West Kelowna council directs staff to find cuts in 2026 budget
Looking for budget cuts
West Kelowna council wants options on how it can trim the 2026 property tax increase by one per cent.
The current 2026 financial plan includes a 7.6 per cent tax increase, however, after hearing from residents since setting that number in early December, council came back Tuesday seeking to bring that number down.
While Coun. Rick de Jong suggested getting down to 6 per cent and Coun Garrett Millsap was good somewhere between six and 6.5 per cent, council settled on a 6.6 per cent number recommended by Mayor Gord Milsom.
How the city gets there—either through a reduction in the 2 per cent levy to prop up future reserves, reduce services or a combination of the two—will be up to city staff to figure out.
What was clear Tuesday though, council was split on how to get there.
“There is no way we can get lower without a cut in services,” said de Jong, who told his colleagues he heard loud and clear from the public during the holiday break that they wished to see services cut as a way to cut taxes.
“We have to worry about today. I’m sorry, but we can’t put money into reserves,” countered Coun. Carol Zanon.

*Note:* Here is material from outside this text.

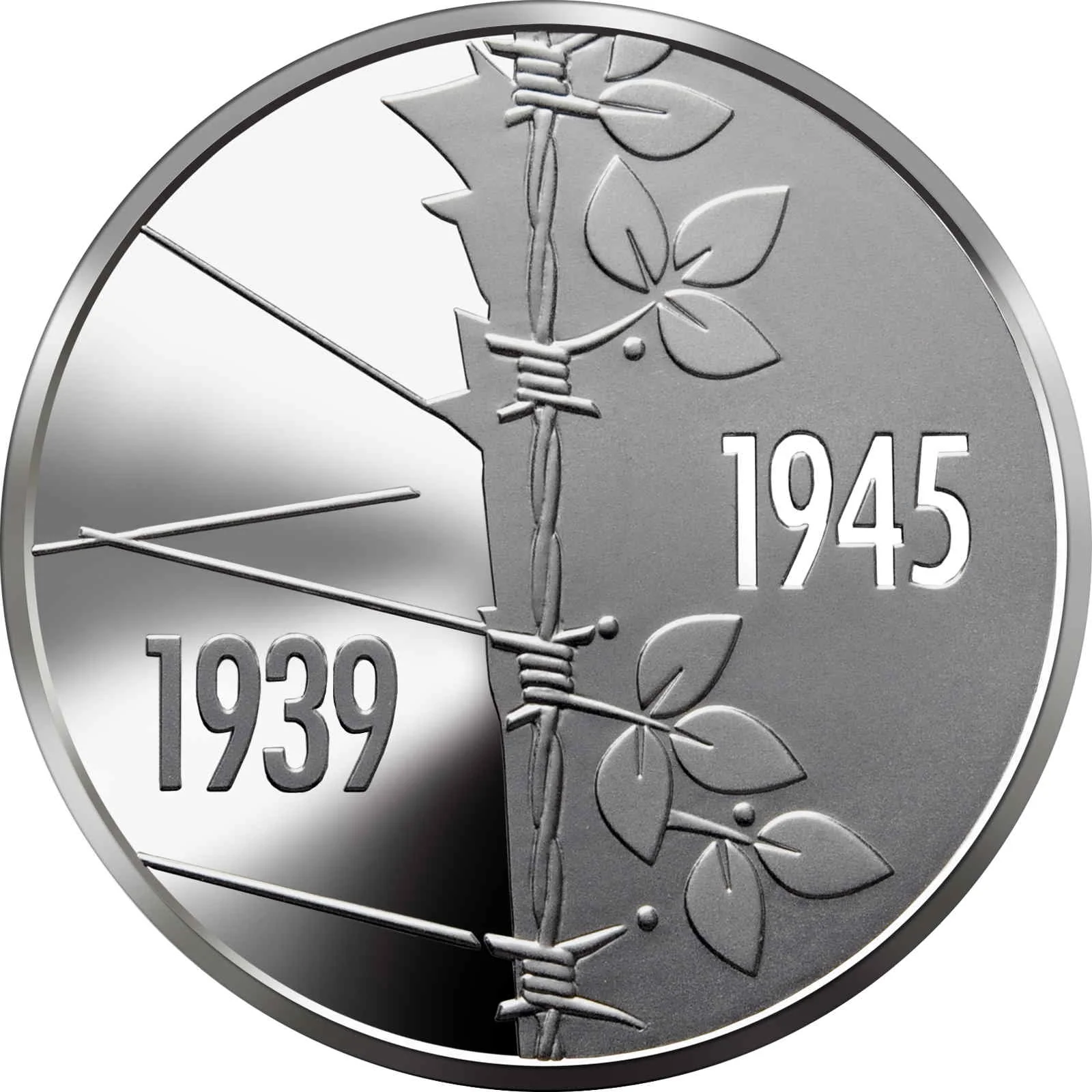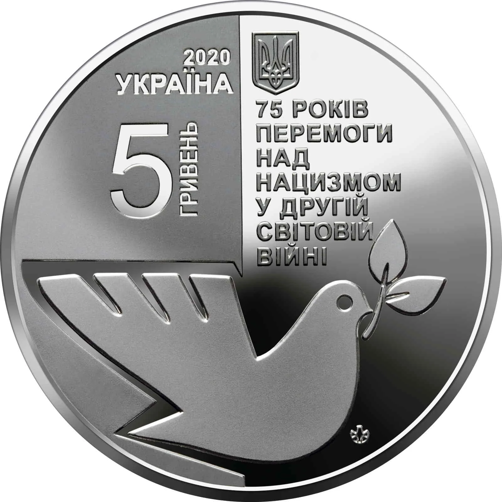 Description: Against a smooth background, Ukraine's small coat of arms is above the central inscription: "75 РОКІВ ПЕРЕМОГИ НАД НАЦИЗМОМ У ДРУГІЙ СВІТОВІЙ ВІЙНІ". To the left, on a matt backdrop, are "2020", "УКРАЇНА", and a vertical "5 ГРИВЕНЬ". Below, a dove with an olive branch symbolizes peace and victory. The NBU mint mark is at the bottom right.

“Cutting is just kicking this down the road,” added Coun. Tasha Da Silva. “I would like to keep or increase services. I think transfer to reserves is the only place to cut.”
Da Silva rationalized the city is growing and these services will need to be increased as that growth happens and cutting them would only put the city further behind.
Coun. Stephen Johnston told council the city is where it is right now because of poor decisions made by past councils, saying council may have to work with what they have.
While council agreed to ask staff to come back with recommendations on where it can find that one per cent, Da Silva asked that all options be brought back, both in cuts to reserve transfers and cuts in services.
Council also deferred third reading of the financial plan while it awaits recommendations from staff at a future meeting.
Council also trimmed $43,000 from the grant-in-aid requests.
At the recommendation of Mayor Milsom, council approved grants-in-aid at the same level as last year, meaning organizations seeking additional grant funding were denied that extra money while requests from new organizations were denied entirely.